DATASET EXTRACT
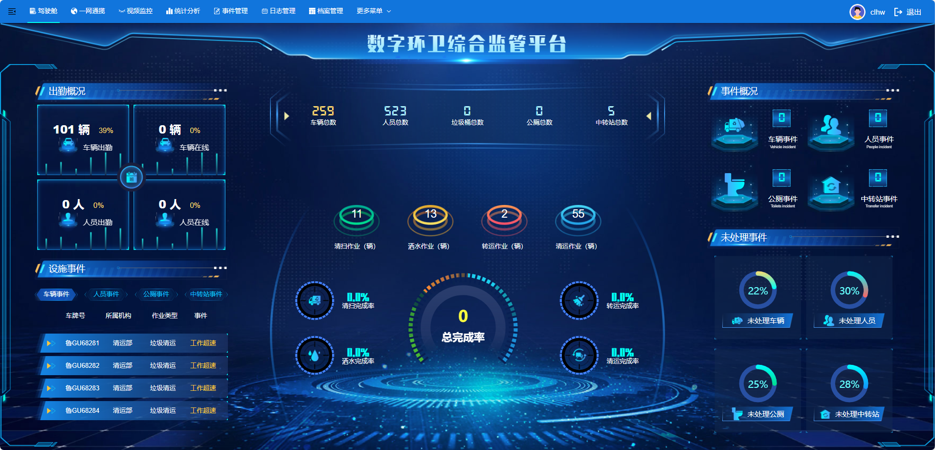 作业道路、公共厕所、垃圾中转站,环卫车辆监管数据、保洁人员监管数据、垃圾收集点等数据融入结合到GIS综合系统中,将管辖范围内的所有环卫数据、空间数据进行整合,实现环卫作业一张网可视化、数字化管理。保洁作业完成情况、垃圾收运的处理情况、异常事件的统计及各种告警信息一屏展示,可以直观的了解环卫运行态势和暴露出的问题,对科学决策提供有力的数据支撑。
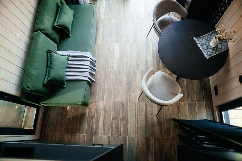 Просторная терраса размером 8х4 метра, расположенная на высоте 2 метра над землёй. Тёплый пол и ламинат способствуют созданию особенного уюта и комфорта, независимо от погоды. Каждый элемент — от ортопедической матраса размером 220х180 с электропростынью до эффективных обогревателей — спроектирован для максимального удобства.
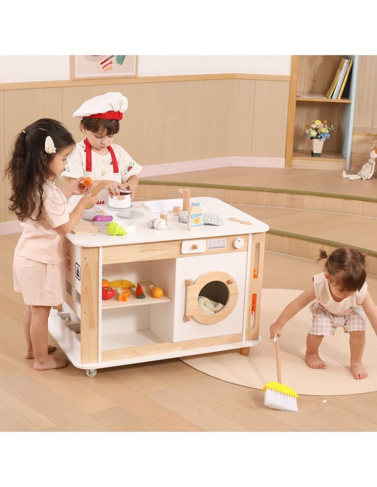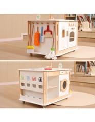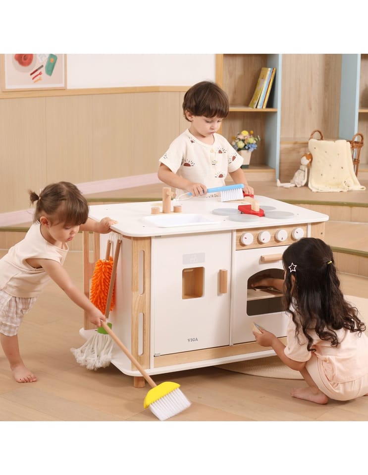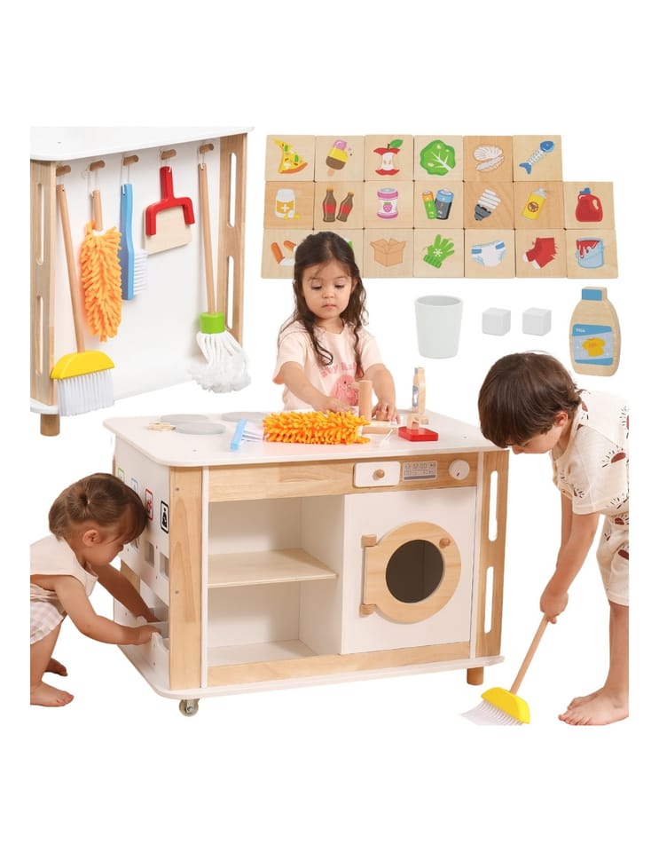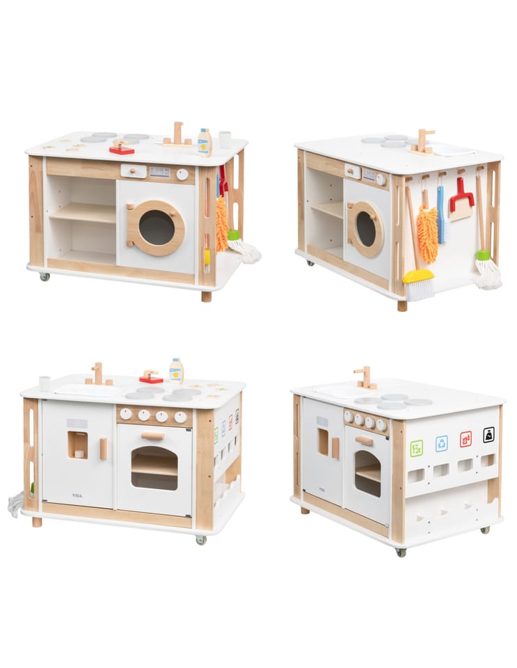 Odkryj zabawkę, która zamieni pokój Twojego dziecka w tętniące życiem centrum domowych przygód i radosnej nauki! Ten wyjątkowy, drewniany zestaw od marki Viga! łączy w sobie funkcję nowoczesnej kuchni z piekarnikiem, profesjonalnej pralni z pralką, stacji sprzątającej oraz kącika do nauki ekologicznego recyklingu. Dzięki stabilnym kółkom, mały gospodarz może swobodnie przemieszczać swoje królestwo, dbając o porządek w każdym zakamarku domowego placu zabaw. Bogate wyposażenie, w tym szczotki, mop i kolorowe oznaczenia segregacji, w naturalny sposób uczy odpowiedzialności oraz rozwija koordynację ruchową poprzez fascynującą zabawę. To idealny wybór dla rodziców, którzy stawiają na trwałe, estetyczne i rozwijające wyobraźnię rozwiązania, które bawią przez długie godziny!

EXERCISE
Return the lines of the data above in full and exactly, with no pictures.

OUTPUT FOR THIS EXERCISE
 作业道路、公共厕所、垃圾中转站,环卫车辆监管数据、保洁人员监管数据、垃圾收集点等数据融入结合到GIS综合系统中,将管辖范围内的所有环卫数据、空间数据进行整合,实现环卫作业一张网可视化、数字化管理。保洁作业完成情况、垃圾收运的处理情况、异常事件的统计及各种告警信息一屏展示,可以直观的了解环卫运行态势和暴露出的问题,对科学决策提供有力的数据支撑。
 Просторная терраса размером 8х4 метра, расположенная на высоте 2 метра над землёй. Тёплый пол и ламинат способствуют созданию особенного уюта и комфорта, независимо от погоды. Каждый элемент — от ортопедической матраса размером 220х180 с электропростынью до эффективных обогревателей — спроектирован для максимального удобства.
 Odkryj zabawkę, która zamieni pokój Twojego dziecka w tętniące życiem centrum domowych przygód i radosnej nauki! Ten wyjątkowy, drewniany zestaw od marki Viga! łączy w sobie funkcję nowoczesnej kuchni z piekarnikiem, profesjonalnej pralni z pralką, stacji sprzątającej oraz kącika do nauki ekologicznego recyklingu. Dzięki stabilnym kółkom, mały gospodarz może swobodnie przemieszczać swoje królestwo, dbając o porządek w każdym zakamarku domowego placu zabaw. Bogate wyposażenie, w tym szczotki, mop i kolorowe oznaczenia segregacji, w naturalny sposób uczy odpowiedzialności oraz rozwija koordynację ruchową poprzez fascynującą zabawę. To idealny wybór dla rodziców, którzy stawiają na trwałe, estetyczne i rozwijające wyobraźnię rozwiązania, które bawią przez długie godziny!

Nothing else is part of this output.